“Una ciudad sin rascacielos no es una ciudad”, dices tras el cristal antibalas de tu despacho. En Dubái había puntos borrosos si mirabas abajo. Aquí, sus caras están peligrosamente próximas. No pueden verte, pero tú sí a ellos. Los dólares en sus bolsillos y sus tarjetas te pertenecen desde siempre. El grillete de la deuda se enrosca en su cuello; al otro extremo de la cadena tu empuñas las llaves.
Los dedos húmedos del aire se pegan a tus muslos. El reflejo del helicóptero sobre este río de barro es como un saurio que resguarda el puerto. Hasta la luz está sucia en Mocolí, donde los traders no se inyectan, ni se suicidan; van a misa, estrangulan a una trans en el establo y luego ensillan a su caballo. Pobres, vociferan cuando sube el S&P500, pero no resistirían ni quince minutos en la City cuando baja; no entienden que el dinero es poético. Hasta lo que tienen que hacer lo hacen mal, apenas lograron que sus gerentes en Carondelet ya no se vayan en mayo próximo. Por lo menos hicieron de los periodistas tus cajeros y pusieron a tus cobradores en la Corte. Bostezas al escoger a quién desairar, si a la alcaldesa, o al gobernador.
— Bannoptikum para la Nación, dices.
Al borde de tu almohada, Matriota levanta el brazo y el río sepulta Sambo y La Puntilla. Grillos en la madrugada, sábana húmeda y agria; la flama te estruja desde el centro de tu pecho. El rumor de que Matriota rondaba el puente con una turba lista para ocupar la ciudad volvió a Mocolí frágil como una fortificación. Viste por primera vez a tus vecinos cuando salieron con rifles de asalto en sus Jeeps. Las volquetas del municipio cerraron el puente en vano. Matriota no estaba ahí, bajó de los cerros, el escuadrón volante no la vio pasar cuando vino desde Bastión (que no existe) con sus hordas.
Anteayer, cuando ibas a prepararte para salir, volteaste al ventanal del jardín; el arbusto de espinas artificiales se levantó con una ganzúa en la mano, sus ojos eran un alarido. Corriste a tu cuarto y trabaste la puerta, marcaste a seguridad y cuando contestaron, lloraste. No encontraron a nadie; pero esa flama se eriza desde tu estómago a la garganta. Dejaste de salir, durante el día cierras las cortinas, hiciste podar el jardín. Tiraste los frascos de pastillas al excusado.

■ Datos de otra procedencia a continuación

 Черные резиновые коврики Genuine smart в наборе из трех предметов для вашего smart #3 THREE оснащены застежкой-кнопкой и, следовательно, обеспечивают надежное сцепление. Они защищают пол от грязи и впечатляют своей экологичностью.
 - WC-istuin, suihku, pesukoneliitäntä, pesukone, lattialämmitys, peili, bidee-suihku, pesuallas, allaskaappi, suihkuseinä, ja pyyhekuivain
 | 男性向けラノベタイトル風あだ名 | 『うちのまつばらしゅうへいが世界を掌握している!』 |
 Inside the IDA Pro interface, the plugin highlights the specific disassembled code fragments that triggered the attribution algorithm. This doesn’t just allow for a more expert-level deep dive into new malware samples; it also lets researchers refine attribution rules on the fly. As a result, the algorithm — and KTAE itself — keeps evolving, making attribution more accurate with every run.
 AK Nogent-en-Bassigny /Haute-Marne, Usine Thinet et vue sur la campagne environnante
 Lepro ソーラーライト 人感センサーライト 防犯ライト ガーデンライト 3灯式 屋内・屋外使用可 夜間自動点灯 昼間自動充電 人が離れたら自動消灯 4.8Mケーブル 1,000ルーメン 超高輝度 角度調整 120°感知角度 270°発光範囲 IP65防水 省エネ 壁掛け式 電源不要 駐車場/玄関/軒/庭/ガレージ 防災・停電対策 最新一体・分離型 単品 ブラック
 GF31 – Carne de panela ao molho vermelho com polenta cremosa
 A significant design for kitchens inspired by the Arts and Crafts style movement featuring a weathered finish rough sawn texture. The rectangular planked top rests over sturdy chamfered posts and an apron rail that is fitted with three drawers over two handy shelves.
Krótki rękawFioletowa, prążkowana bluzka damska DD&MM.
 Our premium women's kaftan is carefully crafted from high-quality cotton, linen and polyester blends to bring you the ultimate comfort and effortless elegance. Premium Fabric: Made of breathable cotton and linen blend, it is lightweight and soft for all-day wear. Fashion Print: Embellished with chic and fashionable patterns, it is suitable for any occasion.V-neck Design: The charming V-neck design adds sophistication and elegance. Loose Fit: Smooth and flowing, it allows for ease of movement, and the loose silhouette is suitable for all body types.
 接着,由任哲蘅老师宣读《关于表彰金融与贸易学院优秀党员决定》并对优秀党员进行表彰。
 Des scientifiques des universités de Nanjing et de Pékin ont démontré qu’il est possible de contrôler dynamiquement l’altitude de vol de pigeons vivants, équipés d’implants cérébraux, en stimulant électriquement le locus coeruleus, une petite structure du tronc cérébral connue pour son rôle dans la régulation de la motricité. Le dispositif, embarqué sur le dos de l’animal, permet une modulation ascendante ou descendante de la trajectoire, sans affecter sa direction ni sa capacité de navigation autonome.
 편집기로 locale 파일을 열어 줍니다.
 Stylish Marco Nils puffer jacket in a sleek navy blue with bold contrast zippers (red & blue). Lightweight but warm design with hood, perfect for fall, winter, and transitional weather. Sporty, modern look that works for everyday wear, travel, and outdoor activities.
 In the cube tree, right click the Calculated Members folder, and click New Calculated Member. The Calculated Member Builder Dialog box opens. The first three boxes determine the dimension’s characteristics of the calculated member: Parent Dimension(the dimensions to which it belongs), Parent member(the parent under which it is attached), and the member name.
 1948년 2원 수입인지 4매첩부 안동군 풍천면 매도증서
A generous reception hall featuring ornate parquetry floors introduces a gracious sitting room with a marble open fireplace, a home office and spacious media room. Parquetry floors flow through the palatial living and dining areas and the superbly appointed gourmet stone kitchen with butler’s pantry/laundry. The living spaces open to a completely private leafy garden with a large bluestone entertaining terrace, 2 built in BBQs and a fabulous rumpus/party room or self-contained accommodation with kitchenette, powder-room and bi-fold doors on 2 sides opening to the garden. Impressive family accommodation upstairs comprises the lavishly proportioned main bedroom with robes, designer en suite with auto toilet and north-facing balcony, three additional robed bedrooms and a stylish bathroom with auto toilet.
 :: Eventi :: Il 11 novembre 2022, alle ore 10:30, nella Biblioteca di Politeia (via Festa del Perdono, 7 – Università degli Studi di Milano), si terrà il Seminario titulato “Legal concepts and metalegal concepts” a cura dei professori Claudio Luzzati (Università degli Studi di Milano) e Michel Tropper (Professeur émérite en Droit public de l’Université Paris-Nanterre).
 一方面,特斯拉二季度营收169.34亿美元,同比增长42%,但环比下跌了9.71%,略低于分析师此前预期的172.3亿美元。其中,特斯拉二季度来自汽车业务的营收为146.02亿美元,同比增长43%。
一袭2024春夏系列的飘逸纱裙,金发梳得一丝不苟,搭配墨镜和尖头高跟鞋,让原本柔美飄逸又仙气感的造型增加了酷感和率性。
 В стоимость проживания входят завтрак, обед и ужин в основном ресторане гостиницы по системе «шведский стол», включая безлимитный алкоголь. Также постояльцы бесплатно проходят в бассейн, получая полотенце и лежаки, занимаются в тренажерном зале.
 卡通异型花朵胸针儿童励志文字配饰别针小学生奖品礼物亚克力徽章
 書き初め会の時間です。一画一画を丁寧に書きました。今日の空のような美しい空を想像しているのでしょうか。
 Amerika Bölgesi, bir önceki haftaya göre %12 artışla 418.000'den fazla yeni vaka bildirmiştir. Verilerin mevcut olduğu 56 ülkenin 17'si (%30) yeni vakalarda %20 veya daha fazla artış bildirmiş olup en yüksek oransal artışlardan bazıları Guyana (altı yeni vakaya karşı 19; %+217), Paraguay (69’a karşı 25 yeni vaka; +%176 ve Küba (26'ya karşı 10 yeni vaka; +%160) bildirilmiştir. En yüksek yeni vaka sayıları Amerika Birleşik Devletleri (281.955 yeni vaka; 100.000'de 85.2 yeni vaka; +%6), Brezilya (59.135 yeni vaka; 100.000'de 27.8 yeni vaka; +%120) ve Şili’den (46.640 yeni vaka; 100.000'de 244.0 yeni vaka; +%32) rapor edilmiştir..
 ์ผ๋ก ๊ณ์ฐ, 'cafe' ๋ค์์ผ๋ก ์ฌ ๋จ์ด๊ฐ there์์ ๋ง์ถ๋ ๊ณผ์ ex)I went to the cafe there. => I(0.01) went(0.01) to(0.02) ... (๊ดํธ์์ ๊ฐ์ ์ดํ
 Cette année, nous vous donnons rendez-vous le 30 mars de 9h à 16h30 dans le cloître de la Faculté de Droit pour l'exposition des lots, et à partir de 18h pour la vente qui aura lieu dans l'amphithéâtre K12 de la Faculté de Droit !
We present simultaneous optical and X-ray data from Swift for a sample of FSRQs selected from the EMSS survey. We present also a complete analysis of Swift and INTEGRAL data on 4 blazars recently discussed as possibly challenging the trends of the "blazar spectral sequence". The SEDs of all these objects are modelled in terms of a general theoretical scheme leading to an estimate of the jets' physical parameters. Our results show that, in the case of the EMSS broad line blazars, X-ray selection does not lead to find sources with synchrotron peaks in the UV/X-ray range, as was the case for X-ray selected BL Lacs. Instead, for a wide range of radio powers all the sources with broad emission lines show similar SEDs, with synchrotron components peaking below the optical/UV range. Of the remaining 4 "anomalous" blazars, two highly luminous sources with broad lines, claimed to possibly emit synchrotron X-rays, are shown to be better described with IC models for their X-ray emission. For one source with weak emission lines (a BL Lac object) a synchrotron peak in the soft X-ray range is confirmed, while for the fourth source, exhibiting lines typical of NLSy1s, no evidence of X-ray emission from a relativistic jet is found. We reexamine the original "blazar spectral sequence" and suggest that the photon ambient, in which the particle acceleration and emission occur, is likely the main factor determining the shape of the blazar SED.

Salvo un par de turistas, la sala vip del aeropuerto luce vacía. Una ciudad nueva solo te dura unos meses y empacas otra vez. “Tengo alergia a este lugar porque no escogí nacer aquí”, piensas, pero el reloj no se conduele de tu impaciencia. De pronto, los altavoces anuncian que el aeropuerto está cerrado y que se suspenden los vuelos. Te muerdes el labio, no tienes a nadie cerca para insultar. Cuando ves a las camionetas bloqueando la pista, esa flama vuelve con la horda que arrasó la Bahía (que no existe); las huestes de Matriota sacaban los plasmas de los locales para quemarlos en la calle. Pero si esas son las camionetas del municipio. No entiendes nada.
“Siempre hay un jet para usted”, te dicen los del counter sonriéndote para que te calmes. Desde la ventanilla, las luces del puerto destellaban para despedirte, los maldijiste tres veces. Solo cuando te entuben sabrás que la asfixia no vino de la flama. La cepa la trajiste tú.